Clarity at the outset enables more focused investments and reduces the risk of accumulating technical debt.
AI and agentic transformation depend on organizational readiness
While AI and agentic capabilities were key topics, the tone of the discussions was notably pragmatic. The potential is widely recognized, but there is growing awareness that technology can outpace the organization’s ability to adopt it. In one industrial setting, advanced AI capabilities had already been deployed, including agents that support operators in real-time troubleshooting and predictive maintenance. Technically, these solutions performed well. However, the organization struggled to fully utilize them due to limited understanding and skills.
The response was deliberate: pause further technical development and focus on building capabilities. Training programs were introduced at all levels, from executive leadership to operational staff, with structured curricula for data and AI skills.
The lesson is significant. Agentic transformation is not simply about deploying new tools; it requires a fundamental shift in how people work, make decisions, and interact with technology. IT and business must converge around ownership
Another key insight was the need to redefine ownership between IT and the business. Digital capabilities often remain within the IT domain, while business teams act as passive recipients. This model is increasingly ineffective. One participant from the financial sector described how a digital interaction capability only succeeded because it was co-developed with business teams and integrated into existing processes such as marketing and customer engagement. Treating it as a standalone IT solution would have limited its impact. At the same time, regulatory requirements and governance structures can complicate ownership. Stricter controls on data access, for example, may unintentionally reduce agility by limiting what business users can do independently. Balancing control with flexibility is therefore essential.

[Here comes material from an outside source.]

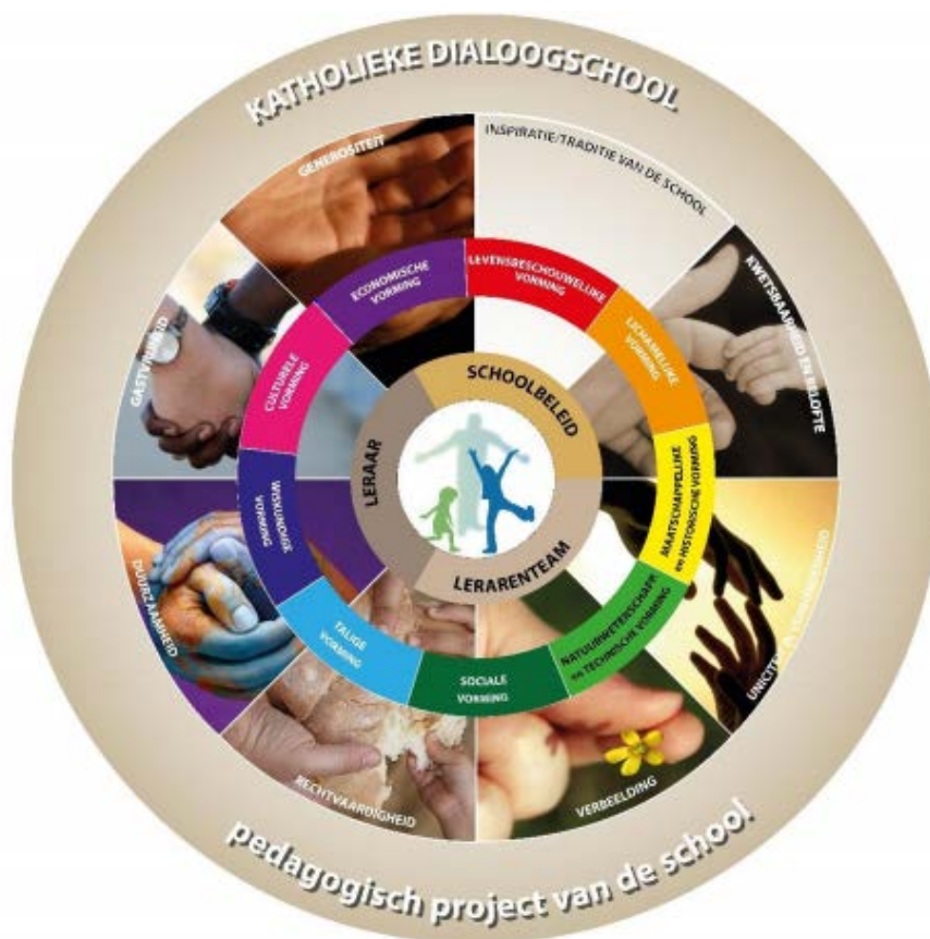
Figuur 1: Wegwijzers voor schoolbeleid

Waarom zou je voor zorgbreed en kansrijk onderwijs gaan? Zit het in het DNA van je school? Als dat zo is, hoe komt dat dan? Of is het eerder je persoonlijke 'drive' die je motiveert om er elke dag voor te gaan? Om je te helpen die moeilijke vragen te beantwoorden, creëerden we voor jou acht wegwijzers. Ze zijn bedoeld als inspiratiebron voor jou en je collega's en hebben sterke raakpunten met de Bijbel en de Bijbelse 'drive' om voor goed onderwijs te zorgen.

The core takeaway: agentic increases the urgency of getting the basics right
The overarching conclusion from the discussions was clear. Emerging AI and agentic capabilities do not eliminate the need for a strong foundation—they intensify it. Organizations must accelerate their efforts to establish robust data structures, clear governance, and aligned operating models. At the same time, they must invest in people, ensuring that skills and capabilities evolve alongside technology.

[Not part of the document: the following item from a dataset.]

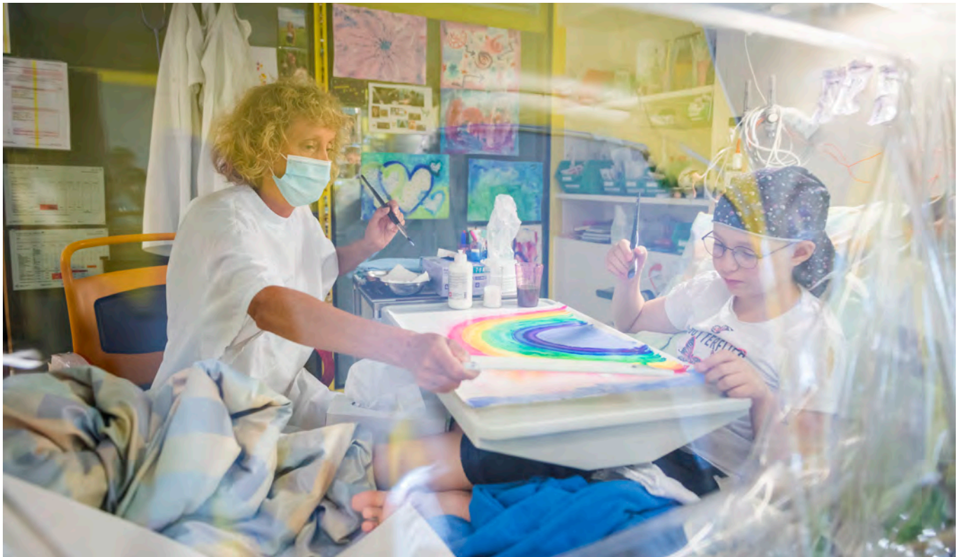
L'art-thérapie contribue à mieux supporter les longues journées ainsi que l'état de peur au service d'oncologie du Kispi Zurich.

For CIOs, this creates a dual challenge. On one hand, there is pressure to innovate and demonstrate tangible progress with new technologies. On the other, sustainable success depends on discipline: simplifying architectures, making early strategic choices, focusing on value, and prioritizing organizational readiness.
Digital transformation, therefore, is not a rapid technological upgrade. It is a continuous organizational journey. Leaders who recognize this are better positioned to turn acceleration into lasting impact rather than increased complexity.